Of course, I’m not bothered by political people—they have their own compulsions. But a large part of society that I am connected with felt that today we should engage with them, address the questions that are coming to their minds. After all, their community intellectuals have also said things like: “Surely you would also admit that discrimination happens against Dalits, Adivasis, and other backward groups in educational institutions?”
Many questions of this kind were sent to us by people from Dalit, OBC, SC, and ST communities. There were even more questions, such as: “If discrimination happens, how exactly does it happen?” And then, they ask, “So now you are saying the rules are wrong?”
If a crime is committed, and the law has been made strict to punish the guilty, then what’s the problem? Some people refer to UGC data, which claims that cases of discrimination have increased by 118.4%. In that context, they ask, “Why are you, as a journalist, opposing this? Are you doing it just because you’re casteist too?”
We felt it was important to have a meaningful dialogue. That’s why this article is for those who still believe in conversation above caste—those who are willing to rise above caste prejudices. For them, our message is clear: even if someone with caste bias tries to block progress, we will support zero tolerance against discrimination. Because in the end, anyone who clings to caste can move aside; the focus here is on fairness and justice.

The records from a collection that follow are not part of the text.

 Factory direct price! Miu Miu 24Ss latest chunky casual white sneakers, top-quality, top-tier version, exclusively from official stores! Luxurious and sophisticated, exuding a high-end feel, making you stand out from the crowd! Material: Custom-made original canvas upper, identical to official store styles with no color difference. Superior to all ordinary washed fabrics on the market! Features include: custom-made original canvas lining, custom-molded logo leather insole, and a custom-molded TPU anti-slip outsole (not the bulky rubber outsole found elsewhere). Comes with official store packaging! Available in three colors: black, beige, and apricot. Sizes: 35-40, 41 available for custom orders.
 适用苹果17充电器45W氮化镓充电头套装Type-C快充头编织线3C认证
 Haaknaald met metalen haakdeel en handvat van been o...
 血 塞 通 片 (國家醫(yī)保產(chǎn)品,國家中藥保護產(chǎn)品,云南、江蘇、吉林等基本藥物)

Your questions, our answers, and then your counter-questions—we have prepared responses to all of them.
The first question often raised by Dalit, OBC, SC, and ST students is: “Does discrimination happen in colleges and educational institutions against Dalits, Adivasis, and other backward communities?”
The straightforward answer is: Yes, it does, and this is a bitter, hard-to-accept truth. No responsible society can turn a blind eye to this reality.

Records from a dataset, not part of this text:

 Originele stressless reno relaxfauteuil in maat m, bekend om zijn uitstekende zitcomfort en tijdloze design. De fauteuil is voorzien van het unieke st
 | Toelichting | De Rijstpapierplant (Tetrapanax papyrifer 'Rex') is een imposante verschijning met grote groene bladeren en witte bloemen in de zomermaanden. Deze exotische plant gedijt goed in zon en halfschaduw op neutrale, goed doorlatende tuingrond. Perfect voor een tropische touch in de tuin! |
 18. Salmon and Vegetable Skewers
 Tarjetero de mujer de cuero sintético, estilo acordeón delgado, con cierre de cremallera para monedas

However, the argument is that discrimination does not have a fixed face or caste. If we assume that discrimination is always one-sided, we end up rejecting the universal principle of justice, which demands equality for all.
At this point, many may say: “By claiming that discrimination does not have a fixed face, you are giving casteist individuals a clean chit. Are you denying the historical exploitation that has existed in society?”
The answer is: No.
This argument is not meant to deny past exploitation but to ensure that the scope of justice is complete. Strict laws are absolutely necessary to address the humiliation and oppression that SC, ST, and OBC communities have endured—and we strongly advocate for their proper enforcement.

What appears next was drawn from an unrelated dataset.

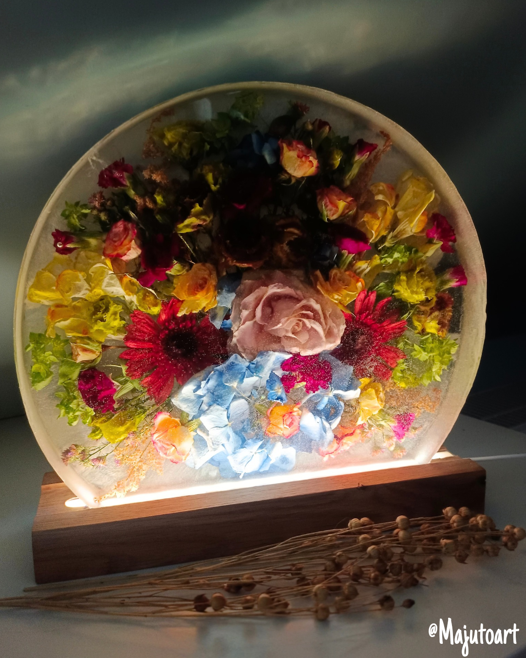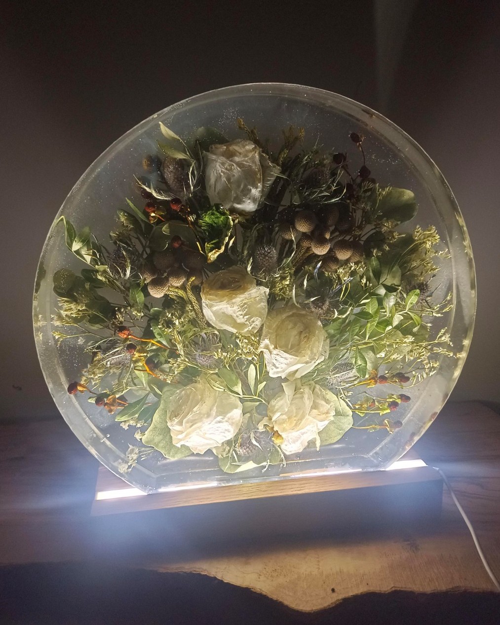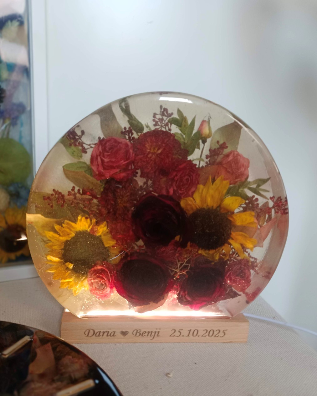 Monumentalna bryła o średnicy 25 cm, stworzona, by pomieścić większe fragmenty bukietu. Głęboka forma pozwala na zachowanie naturalnego kształtu róż czy piwonii. Zasilana kablem USB.
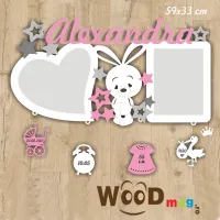 Rama foto personalizata WoodMag botez, 59x33 cm, model iepuras

But the question here is: Should the scope of protection be so narrowly defined that if the same humiliation or injustice occurs to another student—one from a different community—the law refuses to recognize them as a victim?
Justice is strong only when it recognizes pain, not when it filters pain based on identity. When we make justice selective—applying it only to certain groups—we do not eliminate discrimination; we only give it a new legal form. The essence of justice should be based on the victim’s suffering, not the victim’s identity.
If the law refuses to acknowledge someone’s pain, that is not justice—it is division.
Here, a counter-question often arises: “Sir, the UGC data shows an increase of around 124% in discrimination cases—what do you say about that?”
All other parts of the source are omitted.